***** EXCERPTED DATA

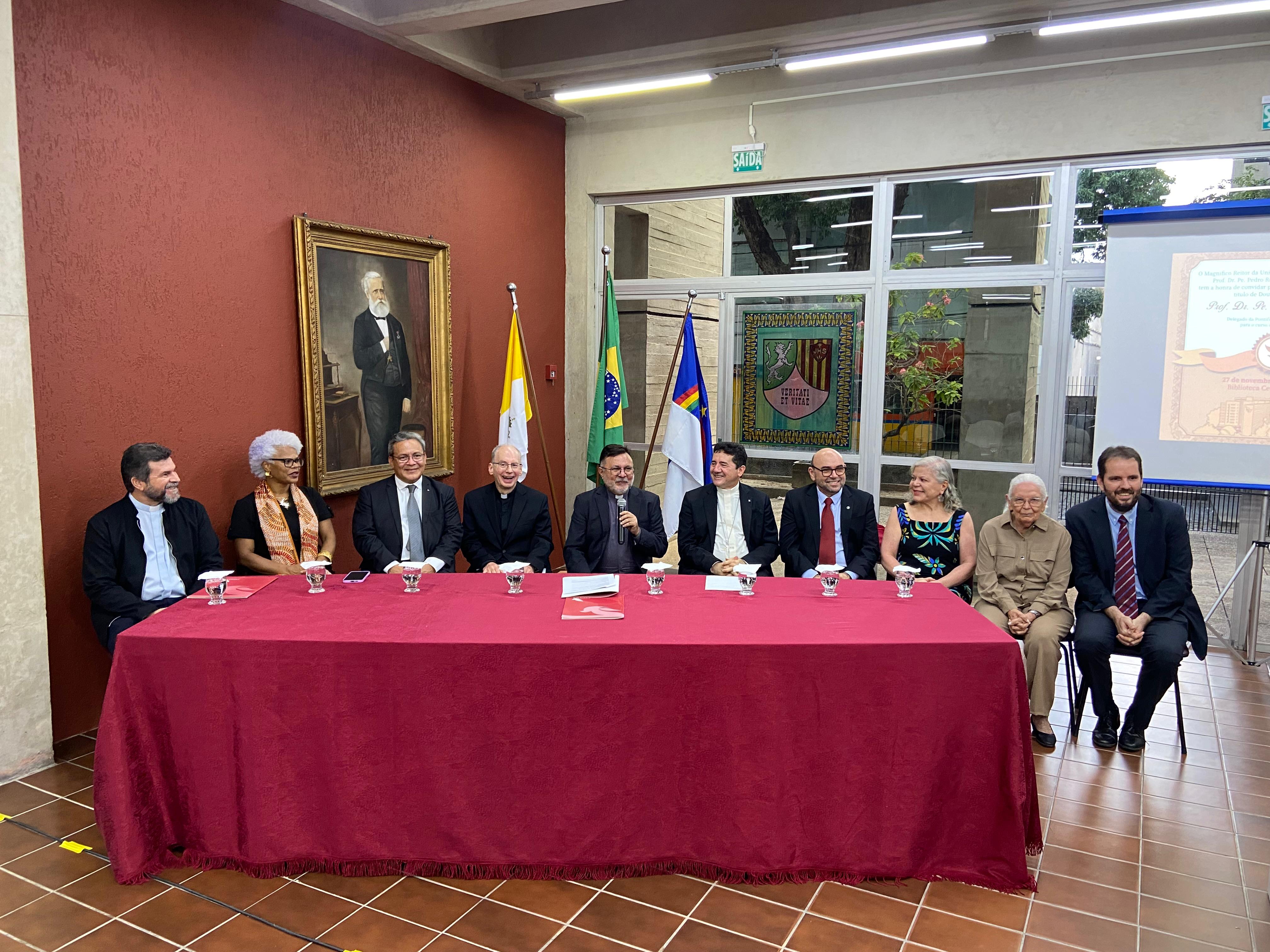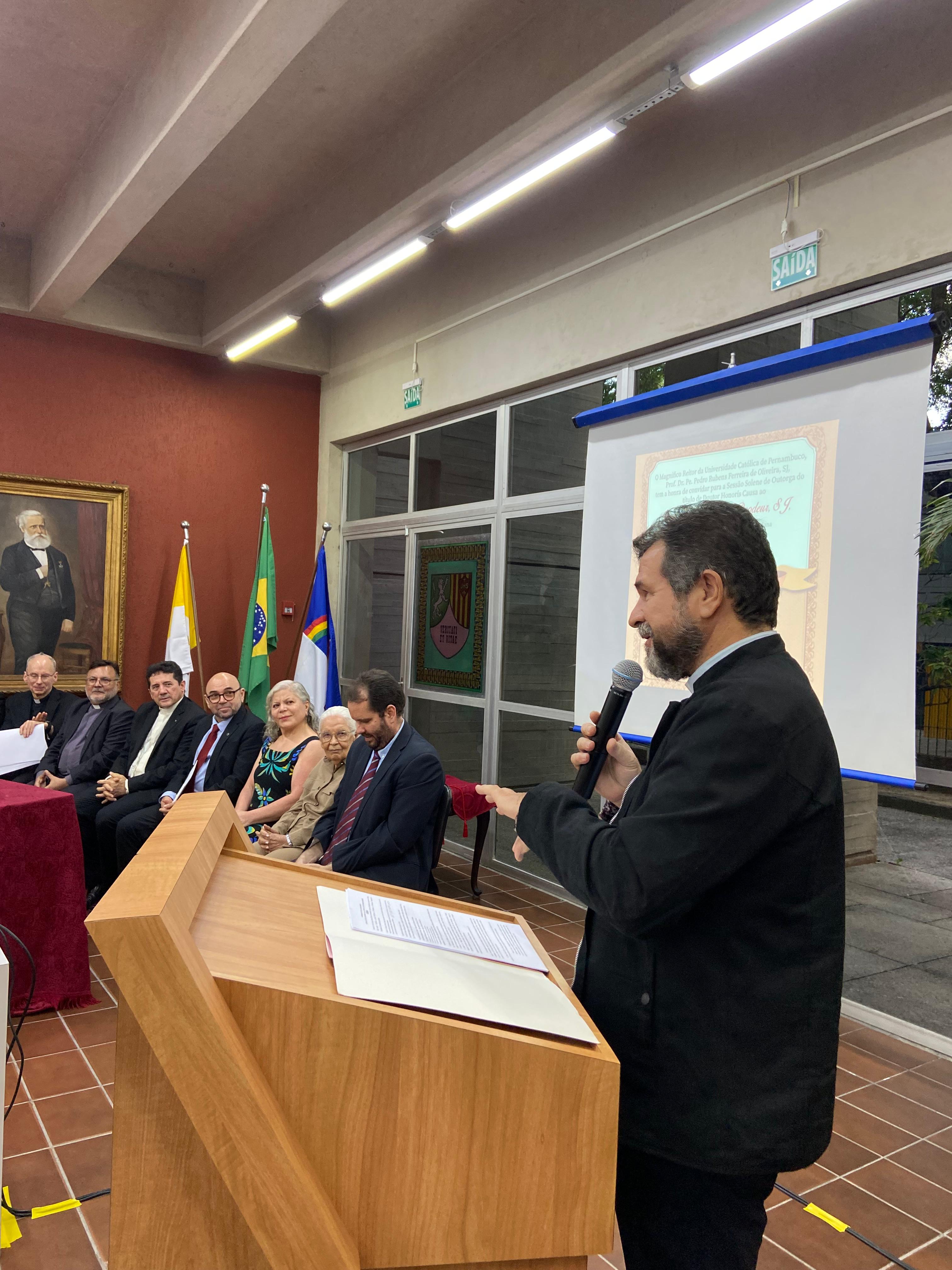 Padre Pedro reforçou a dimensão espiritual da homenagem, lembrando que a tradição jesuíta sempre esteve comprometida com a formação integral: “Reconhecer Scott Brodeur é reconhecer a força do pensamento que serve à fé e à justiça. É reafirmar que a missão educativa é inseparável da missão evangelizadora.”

**********
***** EXCERPTED DATA

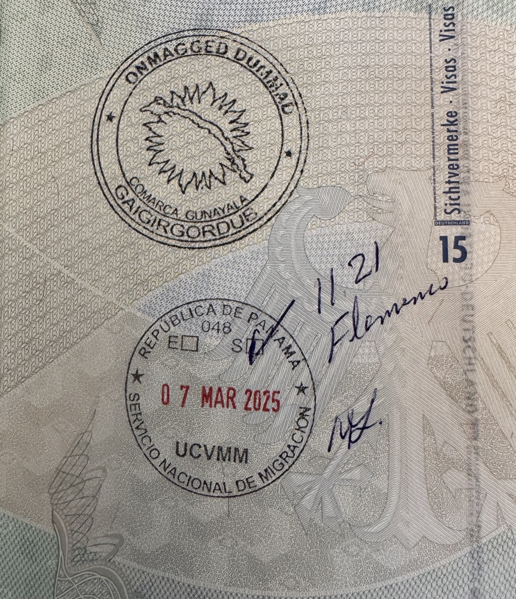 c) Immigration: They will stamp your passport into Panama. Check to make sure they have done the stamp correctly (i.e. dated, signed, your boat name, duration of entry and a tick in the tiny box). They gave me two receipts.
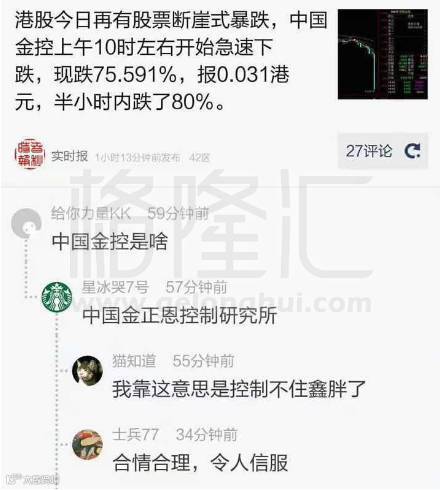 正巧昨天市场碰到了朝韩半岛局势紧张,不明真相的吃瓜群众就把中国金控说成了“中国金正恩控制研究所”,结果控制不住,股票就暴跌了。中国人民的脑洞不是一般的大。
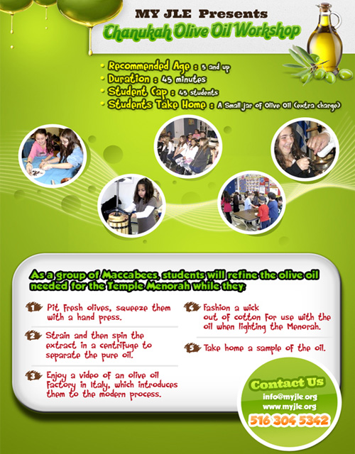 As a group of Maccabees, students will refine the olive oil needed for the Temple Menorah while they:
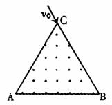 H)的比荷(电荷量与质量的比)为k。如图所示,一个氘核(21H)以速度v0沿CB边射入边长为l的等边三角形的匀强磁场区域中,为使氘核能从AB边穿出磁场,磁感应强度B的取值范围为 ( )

**********

▶ **YOUR GOAL**
From the records above, copy exactly the lines starting at the one with "c) Immigration: They" and ending at the one with "正巧昨天市场碰到了朝韩半岛局", and no others. Pictures stay out.

▶ **RESPONSE**
 c) Immigration: They will stamp your passport into Panama. Check to make sure they have done the stamp correctly (i.e. dated, signed, your boat name, duration of entry and a tick in the tiny box). They gave me two receipts.
 正巧昨天市场碰到了朝韩半岛局势紧张,不明真相的吃瓜群众就把中国金控说成了“中国金正恩控制研究所”,结果控制不住,股票就暴跌了。中国人民的脑洞不是一般的大。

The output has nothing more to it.